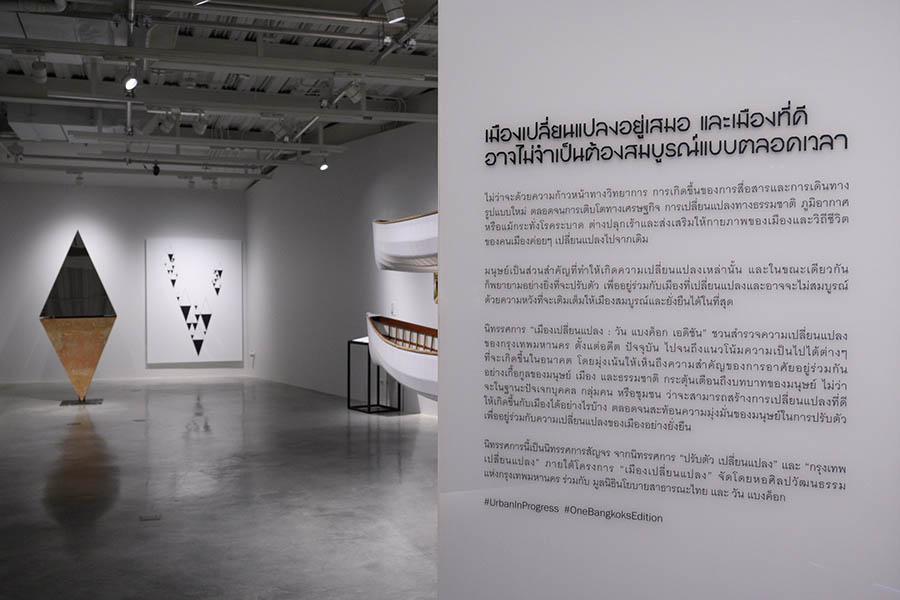 ครั้งนี้ ได้นำผลงานบางส่วนจากนิทรรศการ “เมืองเปลี่ยนแปลง” ที่จัดขึ้นที่หอศิลปวัฒนธรรมแห่งกรุงเทพมหานคร ระหว่างเดือนธันวาคม 2564 - เมษายน 2565 มาจัดแสดงในมุมมองใหม่ โดยคัดเลือกผลงานของนักสร้างสรรค์ 3 ท่านที่นำเสนอให้เห็นถึงการเปลี่ยนแปลงของกรุงเทพฯ ในหลากหลายมิติ และบริบทที่แตกต่างกัน ตั้งแต่อดีต ปัจจุบัน จนถึงอนาคต ตลอดจนความมุ่งมั่นในการสร้างความเปลี่ยนแปลงที่ดีให้กับเมืองนี้ ซึ่งสอดคล้องกับเป้าหมายของวัน แบงค็อก ที่จะร่วมเสริมสร้างศักยภาพของกรุงเทพฯ ให้ก้าวสู่การเป็นจุดหมายปลายทางในฐานะศูนย์กลางของประสบการณ์ระดับโลกสำหรับทุกไลฟ์สไตล์ ที่สร้างสรรค์ขึ้นภายใต้แนวคิดที่คำนึงถึงผู้คนเป็นหลัก ความยั่งยืนด้านสิ่งแวดล้อม และสมาร์ท ซิตี้ เพื่อการใช้ชีวิตในเมืองที่สมบูรณ์แบบในอนาคต”
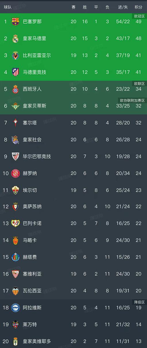 - 西甲 | 西甲第20轮结束了9场比赛,最新积分榜如下!
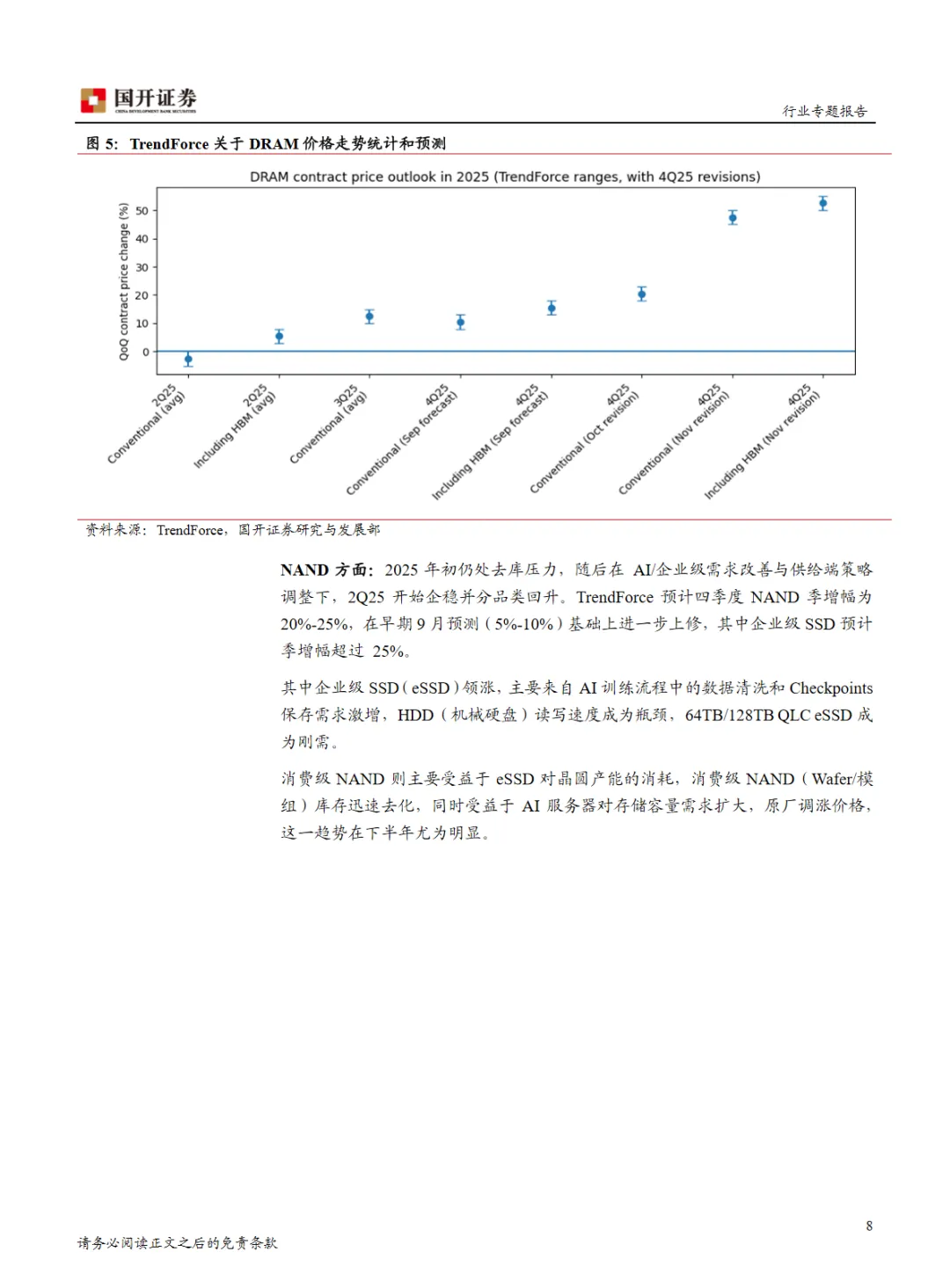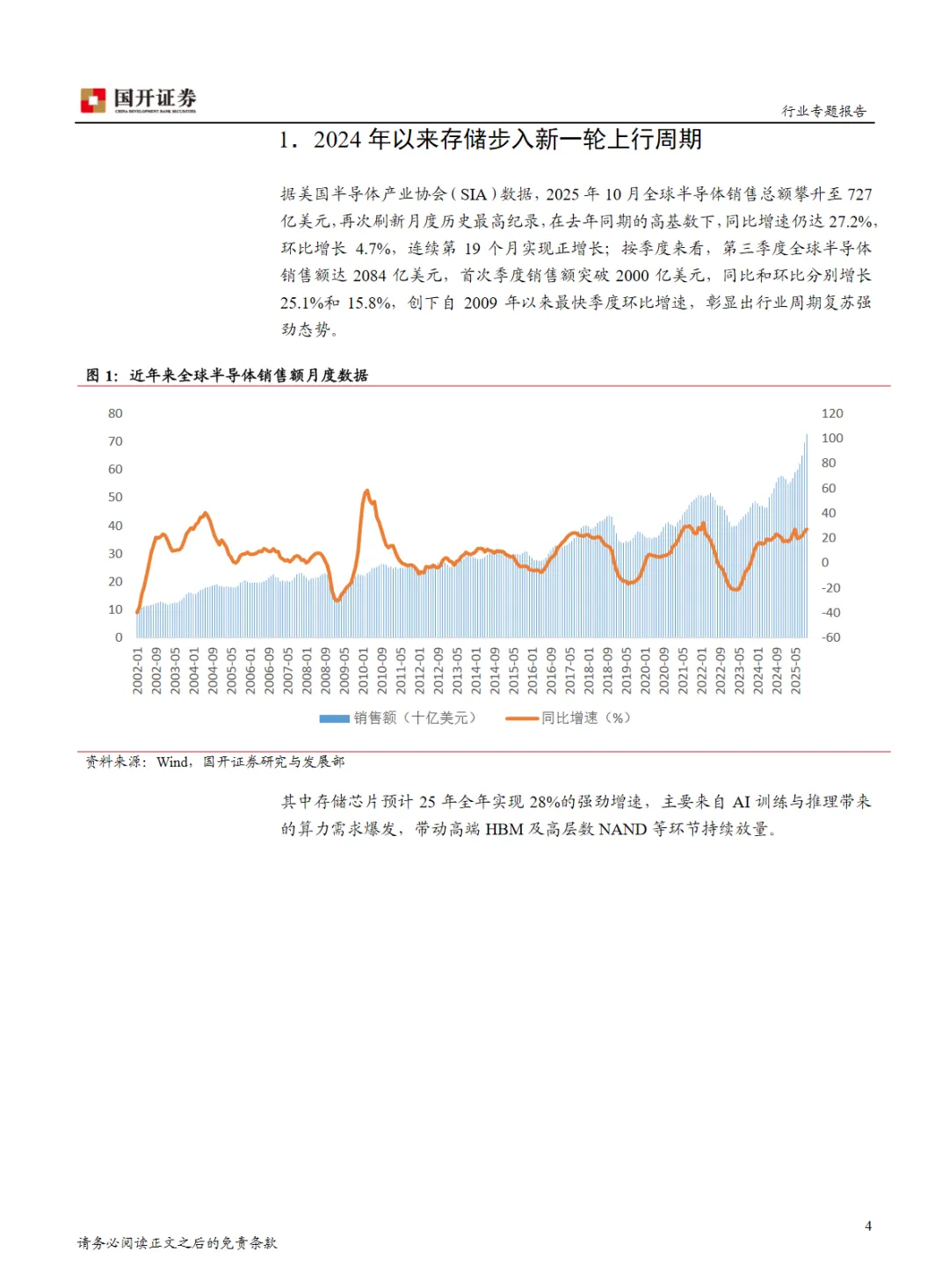本篇行业报告可以通过扫下方知识星球下载。39元就可以下载星球所有报告。免费提供报告查找服务。在2026年电子行业专题报告中,我们关注到存储行业在AI技术的推动下迎来了新一轮的增长周期。2025年10月,全球半导体销售额达到了创纪录的727亿美元,同比增长27.2%,其中存储芯片作为增长的核心动力,预计全年实现28%的强劲增长。这一轮增长与以往由消费电子驱动的周期不同,呈现出明显的“AI导向”特征,推动了高端HBM及高层数NAND的需求增长,确立了“量价齐升”的行业格局。在供给端,资本开支的结构分化导致了有效供给弹性的下降。头部厂商如三星、美光、SK海力士的资本开支虽然维持高位,但重心转向了HBM及先进制程迁移,而非单纯的晶圆投片量扩大。HBM生产工艺的复杂性导致了常规DRAM产能被挤压,进一步影响了供给。需求端的变化也值得关注,需求驱动力从传统的PC和手机转向了数据中心,呈现出高弹性特征。AI数据中心的快速发展使得HBM成为战略物资,单卡搭载量激增。随着AI应用步入“推理期”,企业级SSD的需求也随之增长。对于中国大陆产业链而言,这一轮存储超级周期带来了重要的机遇。上游设备厂商正在从“单机可用”向“整线主力”跨越,市场份额有望在存储扩产潮中持续提升。下游模组厂则受益于低价库存的毛利率修复以及信创市场的国产化替代,逐步进化为拥有主控算法和交付保障能力的“解决方案商”。综合来看,存储行业的这一轮增长周期与AI技术的发展紧密相关,供给端的资本开支结构变化和需求端的数据中心需求增长共同推动了行业的快速发展。中国大陆产业链在这一过程中扮演着越来越重要的角色,特别是在设备制造和模组解决方案领域。免责声明:以上分享报告为公开合法渠道获得,内容大部分来源于网络,版权归原作者所有,如有侵权,请及时与我们联系,我们将第一时间保障您的权益。推荐内容仅供参考学习,不构成投资建议。

◆ The task ◆
Pictures are to be left out. Otherwise, copy the material above exactly.

◆ Response to this exercise ◆
 ครั้งนี้ ได้นำผลงานบางส่วนจากนิทรรศการ “เมืองเปลี่ยนแปลง” ที่จัดขึ้นที่หอศิลปวัฒนธรรมแห่งกรุงเทพมหานคร ระหว่างเดือนธันวาคม 2564 - เมษายน 2565 มาจัดแสดงในมุมมองใหม่ โดยคัดเลือกผลงานของนักสร้างสรรค์ 3 ท่านที่นำเสนอให้เห็นถึงการเปลี่ยนแปลงของกรุงเทพฯ ในหลากหลายมิติ และบริบทที่แตกต่างกัน ตั้งแต่อดีต ปัจจุบัน จนถึงอนาคต ตลอดจนความมุ่งมั่นในการสร้างความเปลี่ยนแปลงที่ดีให้กับเมืองนี้ ซึ่งสอดคล้องกับเป้าหมายของวัน แบงค็อก ที่จะร่วมเสริมสร้างศักยภาพของกรุงเทพฯ ให้ก้าวสู่การเป็นจุดหมายปลายทางในฐานะศูนย์กลางของประสบการณ์ระดับโลกสำหรับทุกไลฟ์สไตล์ ที่สร้างสรรค์ขึ้นภายใต้แนวคิดที่คำนึงถึงผู้คนเป็นหลัก ความยั่งยืนด้านสิ่งแวดล้อม และสมาร์ท ซิตี้ เพื่อการใช้ชีวิตในเมืองที่สมบูรณ์แบบในอนาคต”
 - 西甲 | 西甲第20轮结束了9场比赛,最新积分榜如下!
本篇行业报告可以通过扫下方知识星球下载。39元就可以下载星球所有报告。免费提供报告查找服务。在2026年电子行业专题报告中,我们关注到存储行业在AI技术的推动下迎来了新一轮的增长周期。2025年10月,全球半导体销售额达到了创纪录的727亿美元,同比增长27.2%,其中存储芯片作为增长的核心动力,预计全年实现28%的强劲增长。这一轮增长与以往由消费电子驱动的周期不同,呈现出明显的“AI导向”特征,推动了高端HBM及高层数NAND的需求增长,确立了“量价齐升”的行业格局。在供给端,资本开支的结构分化导致了有效供给弹性的下降。头部厂商如三星、美光、SK海力士的资本开支虽然维持高位,但重心转向了HBM及先进制程迁移,而非单纯的晶圆投片量扩大。HBM生产工艺的复杂性导致了常规DRAM产能被挤压,进一步影响了供给。需求端的变化也值得关注,需求驱动力从传统的PC和手机转向了数据中心,呈现出高弹性特征。AI数据中心的快速发展使得HBM成为战略物资,单卡搭载量激增。随着AI应用步入“推理期”,企业级SSD的需求也随之增长。对于中国大陆产业链而言,这一轮存储超级周期带来了重要的机遇。上游设备厂商正在从“单机可用”向“整线主力”跨越,市场份额有望在存储扩产潮中持续提升。下游模组厂则受益于低价库存的毛利率修复以及信创市场的国产化替代,逐步进化为拥有主控算法和交付保障能力的“解决方案商”。综合来看,存储行业的这一轮增长周期与AI技术的发展紧密相关,供给端的资本开支结构变化和需求端的数据中心需求增长共同推动了行业的快速发展。中国大陆产业链在这一过程中扮演着越来越重要的角色,特别是在设备制造和模组解决方案领域。免责声明:以上分享报告为公开合法渠道获得,内容大部分来源于网络,版权归原作者所有,如有侵权,请及时与我们联系,我们将第一时间保障您的权益。推荐内容仅供参考学习,不构成投资建议。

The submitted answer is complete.